Odd-frequency Superconductivity Revealed by Thermopower

TL;DR

This paper proposes using thermopower measurements as a direct method to detect odd-frequency superconductivity, which has been elusive in experiments so far.

Contribution

It introduces thermopower as a novel, unambiguous probe for odd-frequency superconductivity, supported by a theoretical model involving a superconductor-quantum dot-ferromagnet hybrid.

Findings

Thermopower is finite only with odd-frequency superconductivity.

Theoretical demonstration with a superconductor-quantum dot-ferromagnet system.

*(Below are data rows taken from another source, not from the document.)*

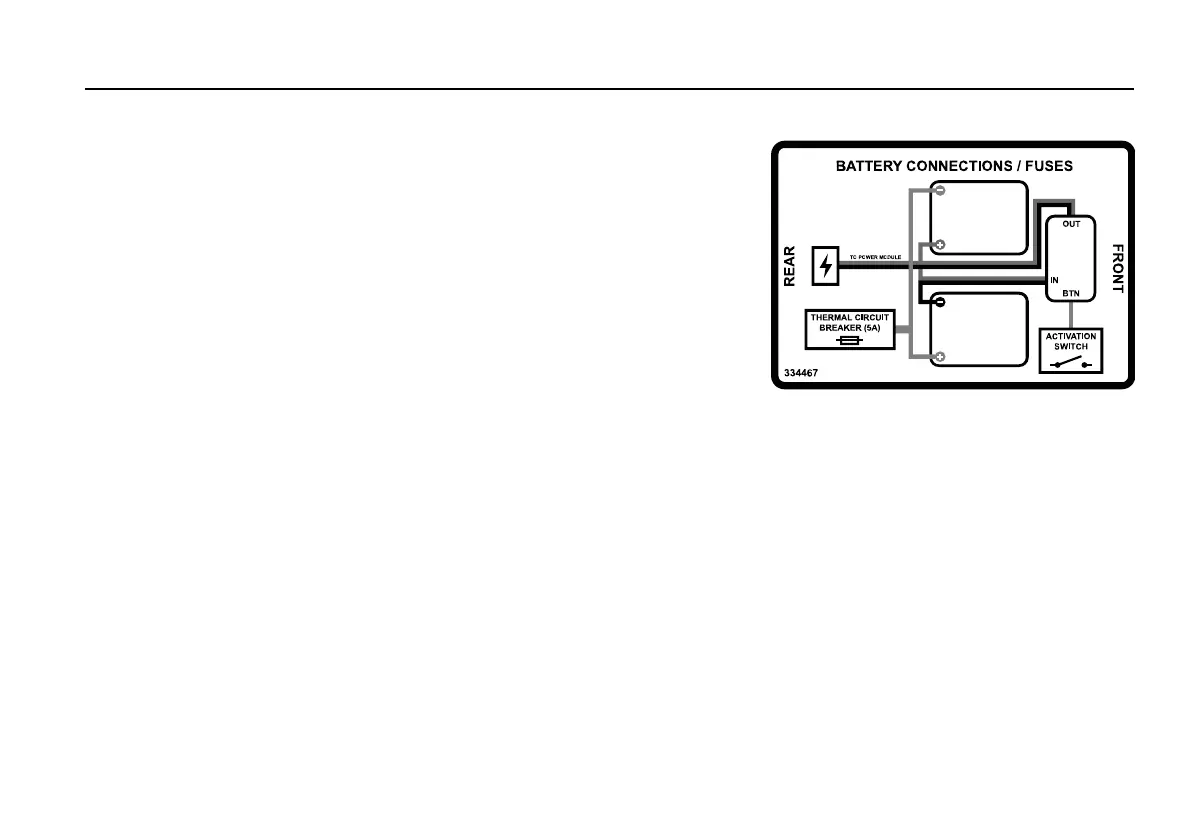 The label shows wiring diagram for the batteries and fuses. It
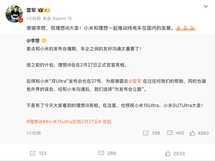 2月25日下午,李想发文称,按之前的计划,理想i8会在2月27日正式官宣亮相。“后得知小米‘双Ultra’发布会也在27号,为感谢雷总(雷军)在过往对我们的帮助,同时也避免外界的误会,经和小米沟通后,我们选择‘为发布会让路’。”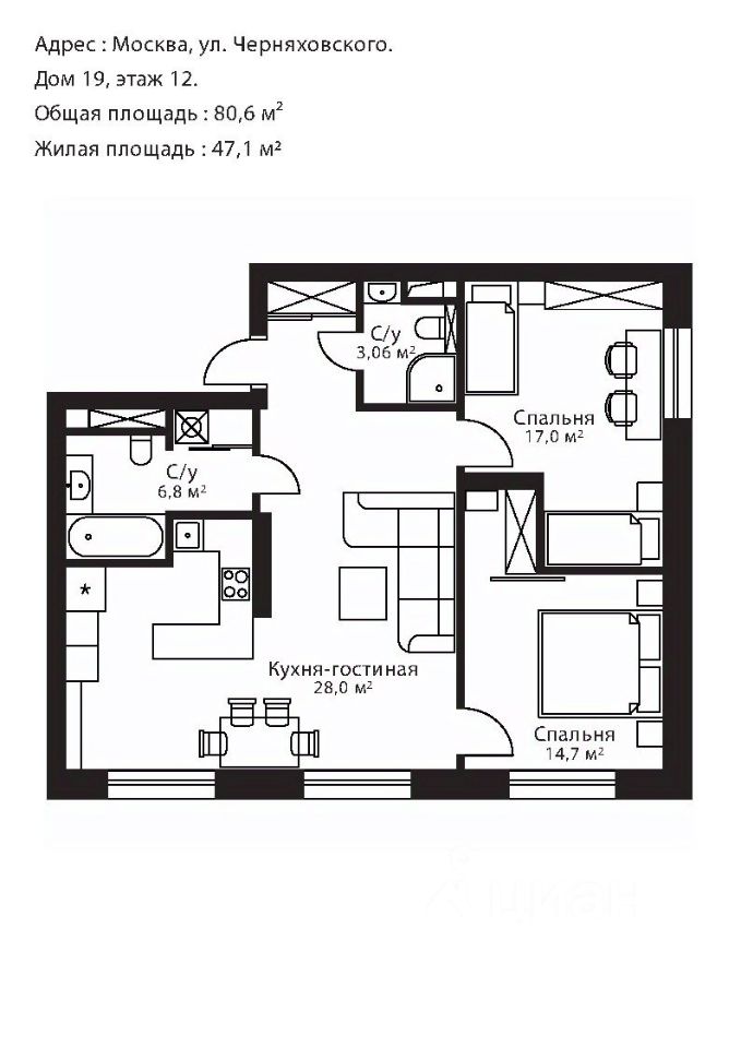 Функциональная планировка включает в себя просторную кухню гостиную 28 м, две уютные спальни 17 м., спальня 14,7 м, гардеробная с продуманной системой хранения, два просторных санузла.
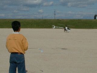 上空は飛行できるのですが、ホバリングがうまくできない。右向きが苦手。もちろん対面はできない。着陸は、自分の正面でフレアーをかけ、少し通り過ぎてから、後ろ向きで寄せてくる始末。
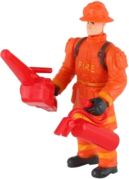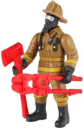 Denne detaljerede brandmandsfigur i beskyttelsesudstyr (uniform, hjelm, handsker) er et fantastisk supplement til børns samling af actionhelte. Blandede varianter med forskelligt tilbehør (økse, brandslukker, koben/tænger, skovl, motorsav) giver hver gang en ny historie og en spændende redningsaktion.
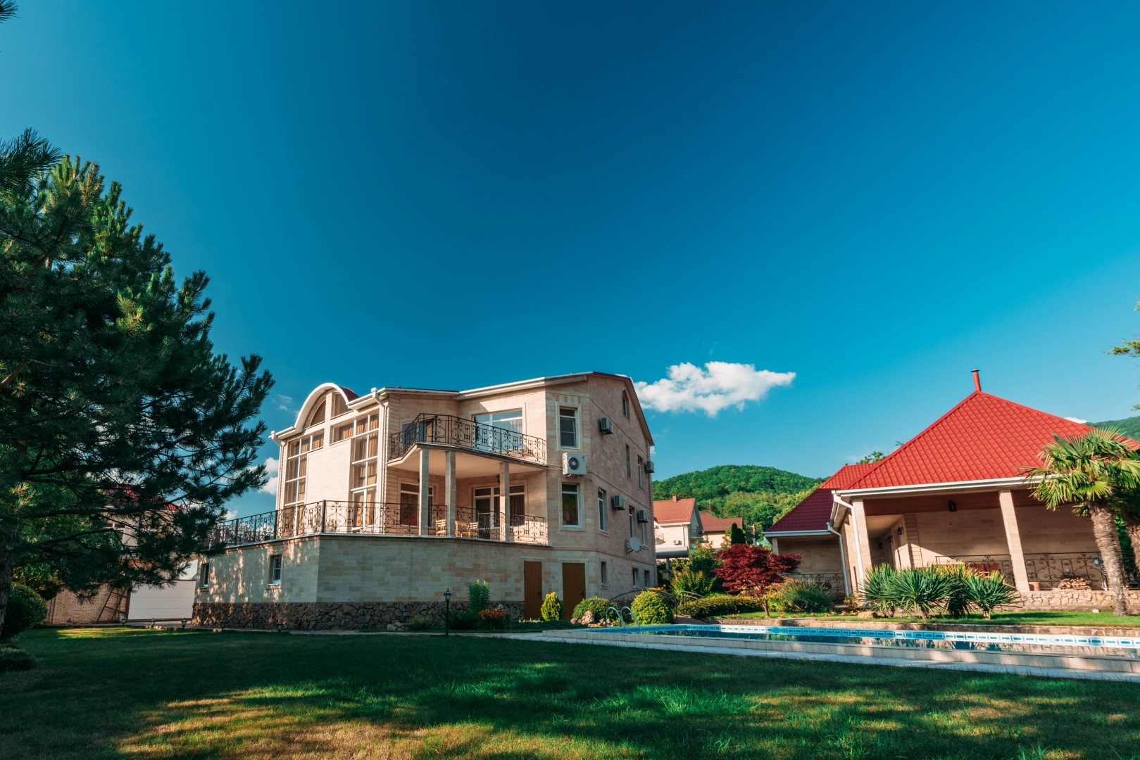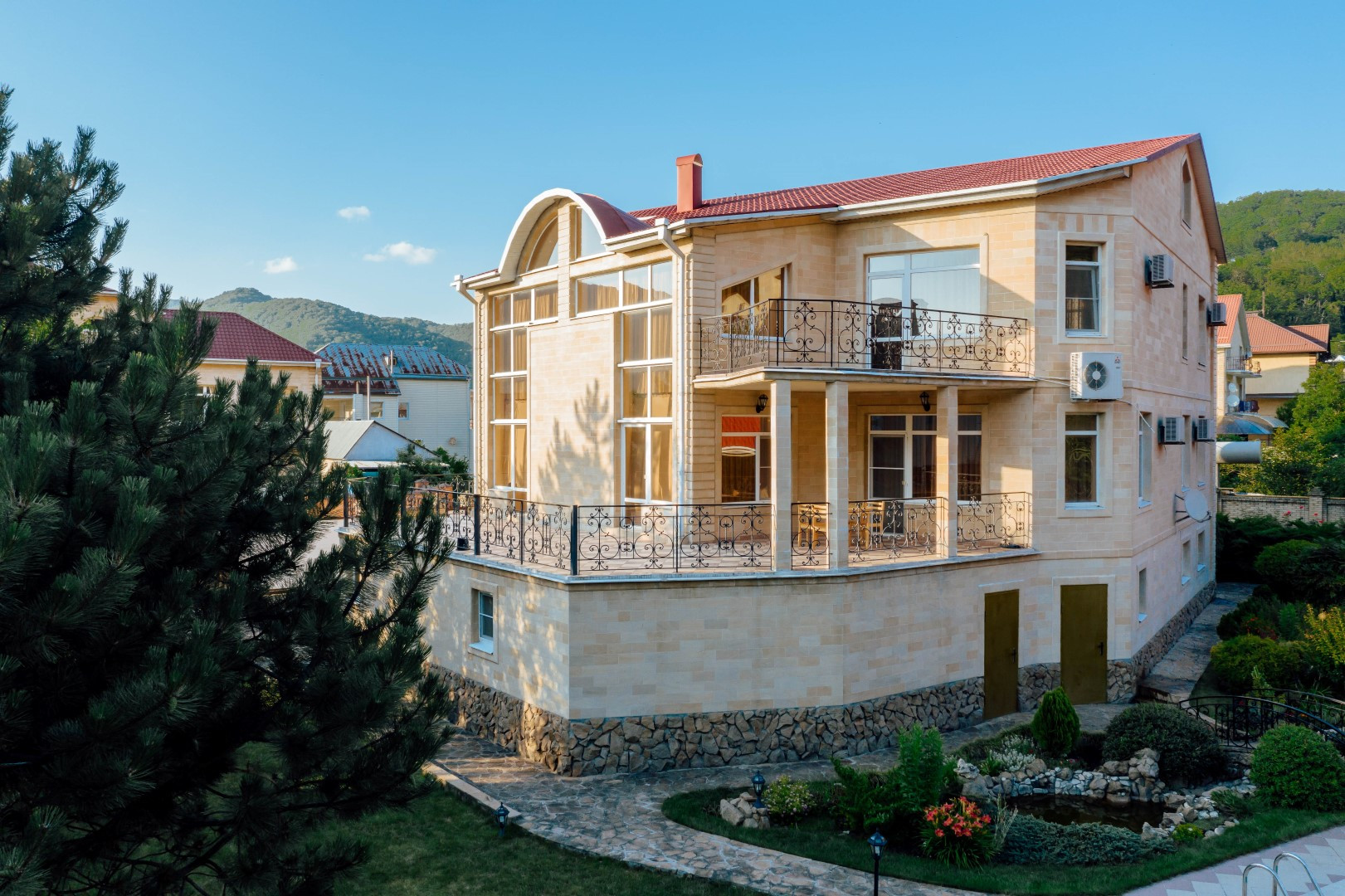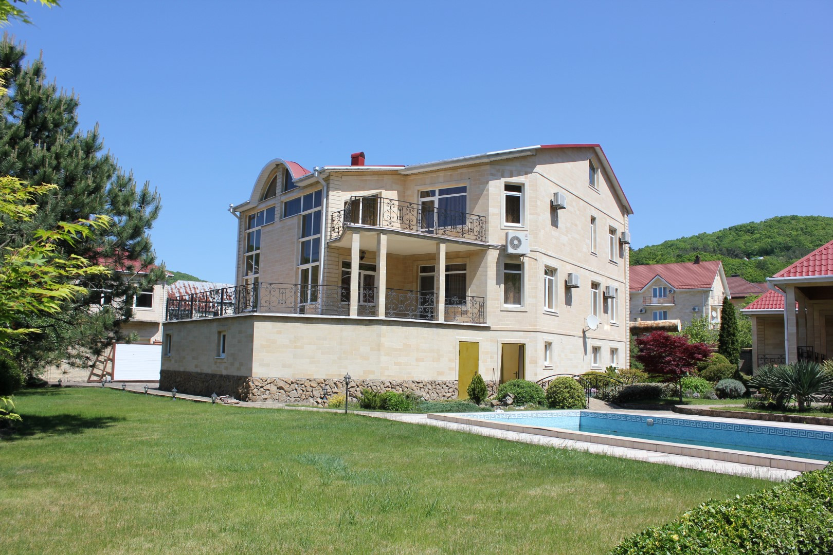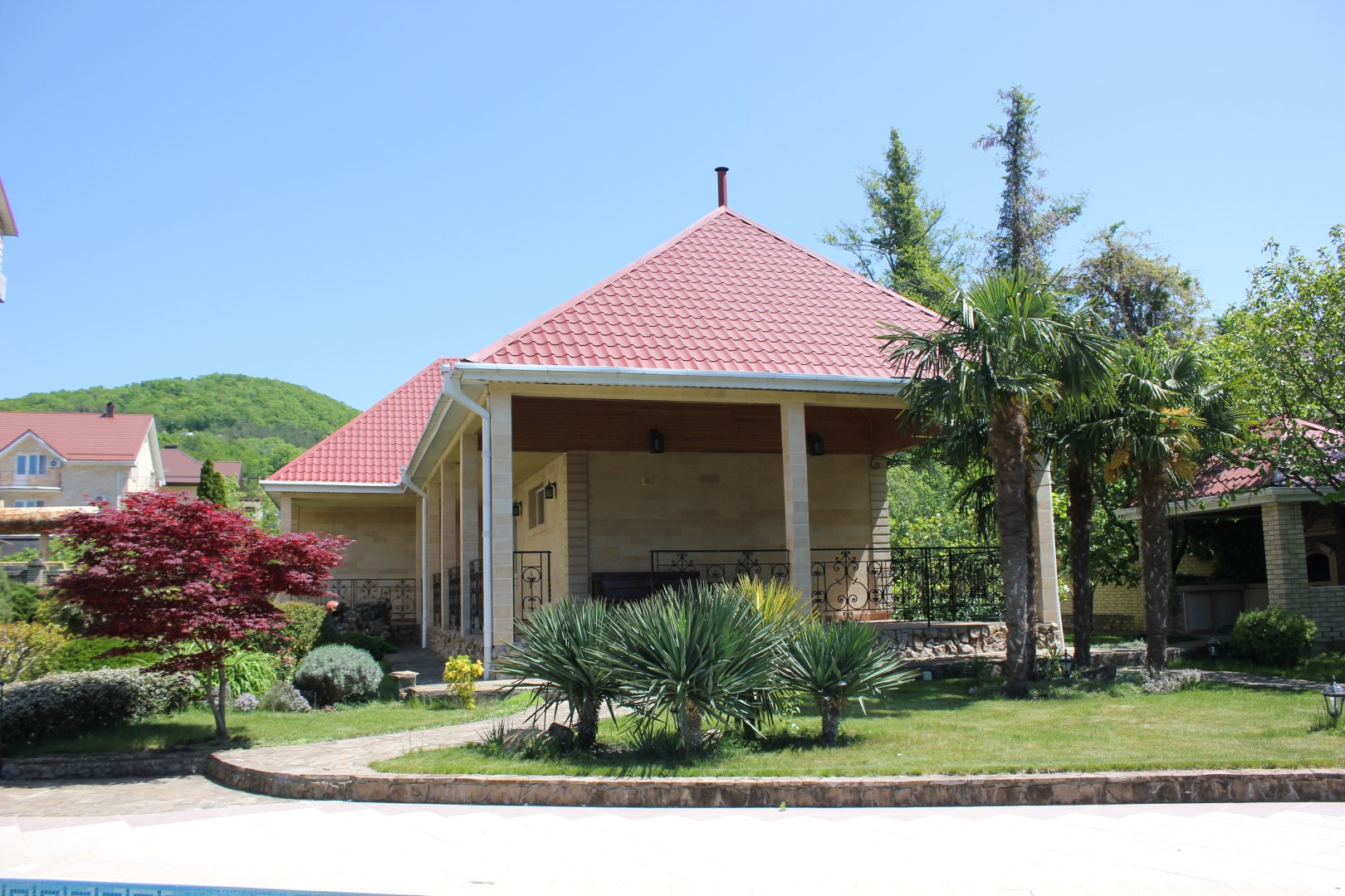 Двухэтажный гостевой дом 179,1 кв. Первый этаж: сауна с комнатой отдыха, кухня столовая 48,1 кв.м., санузел, душевая. На мансардный этаж ведет лестница из натурального дерева. Мансардный этаж: две комнаты для отдыха 26,3 и 37,3 кв.м., санузел. Подведены все коммуникации, имеется современная котельная на ЖТ, отопительная система, система очистки воды. Полив растений и газонов водой из ручья. Вода закачивается в емкость 5 кубов. На территории также расположены: беседка, зона барбекю. Подстанция – 230 кВт на 30 домов. Использование электроэнергии по необходимости. Есть личная подстанция на 4,5 кВт. Подведены трубы для газа к котлу отопления, соседи газом уже пользуются. Проведены городской телефон и сигнализация. Под охраной оба дома и периметр территории. Возможна прописка (есть у соседей).

Provides a new experimental approach to identify odd-frequency pairing.

Abstract

Superconductivity is characterized by a nonvanishing superconducting pair amplitude. It has a definite symmetry in spin, momentum and frequency (time). While the spin and momentum symmetry have been probed experimentally for different classes of superconductivity, the odd-frequency nature of certain superconducting correlations has not been demonstrated yet in a direct way. Here we propose the thermopower as an unambiguous way to assess odd-frequency superconductivity. This is possible since the thermoelectric coefficient given by Andreev-like processes is only finite in the presence of odd-frequency superconductivity. We illustrate our general findings with a simple example of a superconductor-quantum dot-ferromagnet hybrid.